(Beginning of EXTRACTED RECORDS)
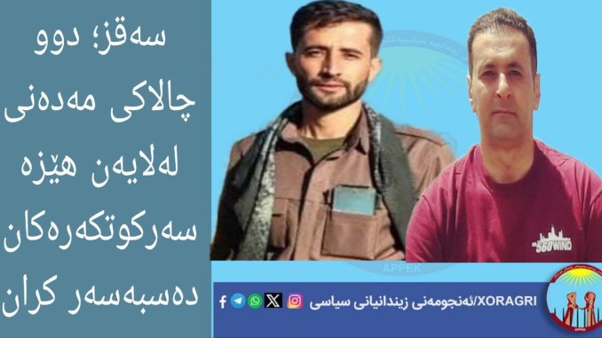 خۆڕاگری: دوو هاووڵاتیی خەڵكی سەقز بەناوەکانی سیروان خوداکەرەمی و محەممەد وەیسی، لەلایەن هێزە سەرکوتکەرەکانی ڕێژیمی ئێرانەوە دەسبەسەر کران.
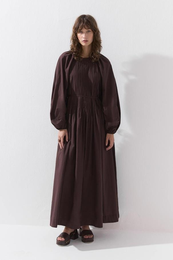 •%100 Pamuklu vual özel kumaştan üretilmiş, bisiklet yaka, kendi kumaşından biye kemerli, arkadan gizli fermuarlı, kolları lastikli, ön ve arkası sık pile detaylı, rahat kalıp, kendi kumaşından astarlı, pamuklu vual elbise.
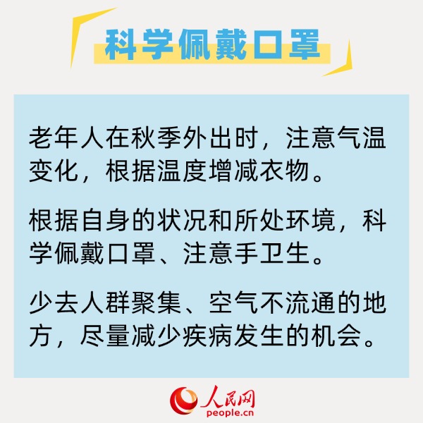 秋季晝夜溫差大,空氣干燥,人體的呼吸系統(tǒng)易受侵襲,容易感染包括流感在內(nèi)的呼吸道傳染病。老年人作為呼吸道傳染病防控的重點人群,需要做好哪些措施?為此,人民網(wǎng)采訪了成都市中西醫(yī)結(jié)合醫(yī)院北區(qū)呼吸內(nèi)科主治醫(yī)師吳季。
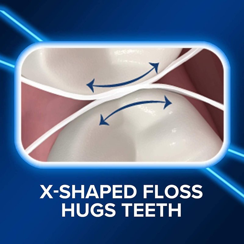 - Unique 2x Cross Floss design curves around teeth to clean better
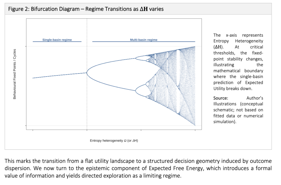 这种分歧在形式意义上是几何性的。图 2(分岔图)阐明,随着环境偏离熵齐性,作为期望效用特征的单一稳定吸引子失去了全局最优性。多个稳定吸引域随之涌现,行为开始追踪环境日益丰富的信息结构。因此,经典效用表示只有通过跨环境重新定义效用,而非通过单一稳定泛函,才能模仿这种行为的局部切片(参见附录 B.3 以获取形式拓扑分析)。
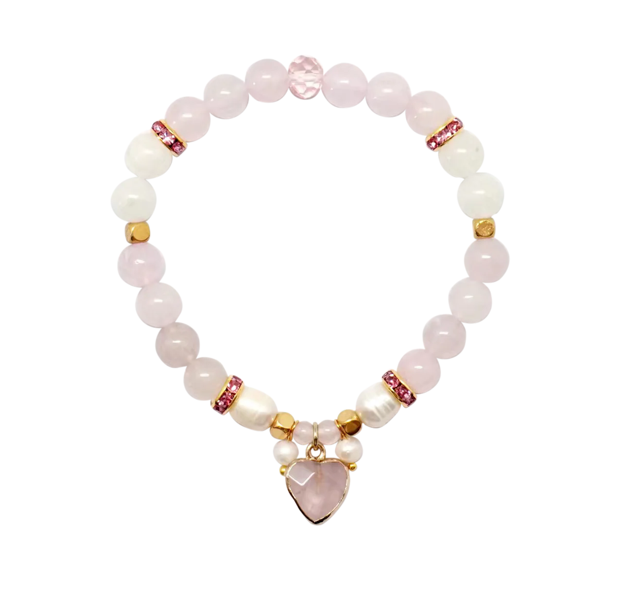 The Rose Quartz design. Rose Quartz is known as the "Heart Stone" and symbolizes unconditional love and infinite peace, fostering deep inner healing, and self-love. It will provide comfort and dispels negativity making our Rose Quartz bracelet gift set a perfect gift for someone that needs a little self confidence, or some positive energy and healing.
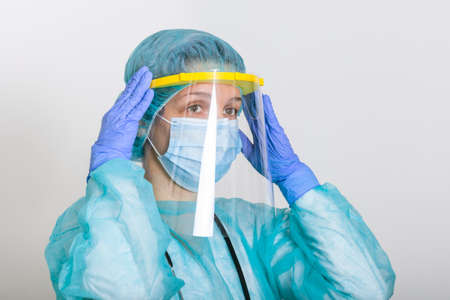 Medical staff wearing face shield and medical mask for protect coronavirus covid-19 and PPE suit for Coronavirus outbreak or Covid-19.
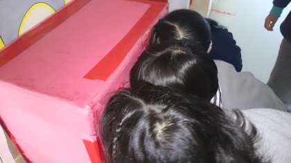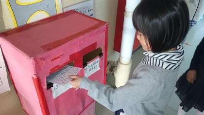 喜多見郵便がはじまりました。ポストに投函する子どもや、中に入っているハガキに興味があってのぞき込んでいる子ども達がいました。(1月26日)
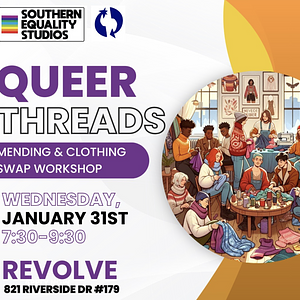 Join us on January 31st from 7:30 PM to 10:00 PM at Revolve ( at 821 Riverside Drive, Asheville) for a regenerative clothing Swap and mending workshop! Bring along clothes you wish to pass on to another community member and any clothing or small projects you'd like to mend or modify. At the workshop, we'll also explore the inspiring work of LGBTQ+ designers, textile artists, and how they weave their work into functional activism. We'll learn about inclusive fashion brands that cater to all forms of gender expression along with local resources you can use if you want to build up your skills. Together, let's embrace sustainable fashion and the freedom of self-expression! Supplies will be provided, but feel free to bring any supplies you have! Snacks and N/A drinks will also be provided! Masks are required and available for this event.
(End of EXTRACTED RECORDS)
(Beginning of EXTRACTED RECORDS)
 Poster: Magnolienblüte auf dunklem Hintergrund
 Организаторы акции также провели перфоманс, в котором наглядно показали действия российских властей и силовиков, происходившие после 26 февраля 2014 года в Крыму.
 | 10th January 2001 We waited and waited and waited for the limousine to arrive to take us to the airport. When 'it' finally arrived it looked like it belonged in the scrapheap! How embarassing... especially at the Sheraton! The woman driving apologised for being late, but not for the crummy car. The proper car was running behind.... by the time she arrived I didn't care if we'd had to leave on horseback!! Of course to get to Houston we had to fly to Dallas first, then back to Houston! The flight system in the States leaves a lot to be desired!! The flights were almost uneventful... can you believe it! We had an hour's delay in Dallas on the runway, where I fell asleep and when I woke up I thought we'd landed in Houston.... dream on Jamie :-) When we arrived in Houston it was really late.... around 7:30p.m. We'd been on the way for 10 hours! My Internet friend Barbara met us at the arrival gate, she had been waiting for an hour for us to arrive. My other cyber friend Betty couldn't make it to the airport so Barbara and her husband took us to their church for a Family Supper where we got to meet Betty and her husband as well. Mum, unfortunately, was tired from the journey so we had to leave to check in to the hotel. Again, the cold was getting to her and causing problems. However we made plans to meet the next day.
(End of EXTRACTED RECORDS)
(Beginning of EXTRACTED RECORDS)
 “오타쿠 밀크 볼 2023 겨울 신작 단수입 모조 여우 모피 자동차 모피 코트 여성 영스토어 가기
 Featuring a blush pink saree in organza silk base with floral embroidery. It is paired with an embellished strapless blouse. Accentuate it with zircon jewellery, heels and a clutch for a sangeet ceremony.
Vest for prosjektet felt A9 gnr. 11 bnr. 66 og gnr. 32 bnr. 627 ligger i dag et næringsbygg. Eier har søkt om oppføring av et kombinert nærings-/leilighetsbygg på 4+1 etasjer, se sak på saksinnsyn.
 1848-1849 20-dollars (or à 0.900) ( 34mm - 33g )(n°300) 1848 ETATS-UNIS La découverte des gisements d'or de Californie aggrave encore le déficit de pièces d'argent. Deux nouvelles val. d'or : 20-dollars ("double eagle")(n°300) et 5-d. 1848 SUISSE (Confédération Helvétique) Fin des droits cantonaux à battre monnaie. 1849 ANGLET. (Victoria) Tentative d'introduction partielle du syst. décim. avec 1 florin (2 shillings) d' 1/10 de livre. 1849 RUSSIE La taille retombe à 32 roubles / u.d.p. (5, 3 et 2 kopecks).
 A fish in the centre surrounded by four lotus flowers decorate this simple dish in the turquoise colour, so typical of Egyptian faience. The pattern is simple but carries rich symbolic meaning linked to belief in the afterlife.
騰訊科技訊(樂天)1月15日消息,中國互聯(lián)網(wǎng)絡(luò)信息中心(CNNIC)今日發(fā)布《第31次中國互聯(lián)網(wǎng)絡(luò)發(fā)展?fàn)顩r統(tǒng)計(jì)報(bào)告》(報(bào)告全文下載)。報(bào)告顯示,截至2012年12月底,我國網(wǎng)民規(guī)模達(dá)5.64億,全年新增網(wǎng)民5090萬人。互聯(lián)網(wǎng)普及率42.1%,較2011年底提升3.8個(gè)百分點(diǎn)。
(End of EXTRACTED RECORDS)
# TASK GOAL:
Look above for the line with "코트 여성 영스토어 가기"; retype exactly that line, every line after it up to the line with "1848-1849 20-dollars (or", and that line too, nothing else.

# SOLUTION TO THE EXERCISE:
 “오타쿠 밀크 볼 2023 겨울 신작 단수입 모조 여우 모피 자동차 모피 코트 여성 영스토어 가기
 Featuring a blush pink saree in organza silk base with floral embroidery. It is paired with an embellished strapless blouse. Accentuate it with zircon jewellery, heels and a clutch for a sangeet ceremony.
Vest for prosjektet felt A9 gnr. 11 bnr. 66 og gnr. 32 bnr. 627 ligger i dag et næringsbygg. Eier har søkt om oppføring av et kombinert nærings-/leilighetsbygg på 4+1 etasjer, se sak på saksinnsyn.
 1848-1849 20-dollars (or à 0.900) ( 34mm - 33g )(n°300) 1848 ETATS-UNIS La découverte des gisements d'or de Californie aggrave encore le déficit de pièces d'argent. Deux nouvelles val. d'or : 20-dollars ("double eagle")(n°300) et 5-d. 1848 SUISSE (Confédération Helvétique) Fin des droits cantonaux à battre monnaie. 1849 ANGLET. (Victoria) Tentative d'introduction partielle du syst. décim. avec 1 florin (2 shillings) d' 1/10 de livre. 1849 RUSSIE La taille retombe à 32 roubles / u.d.p. (5, 3 et 2 kopecks).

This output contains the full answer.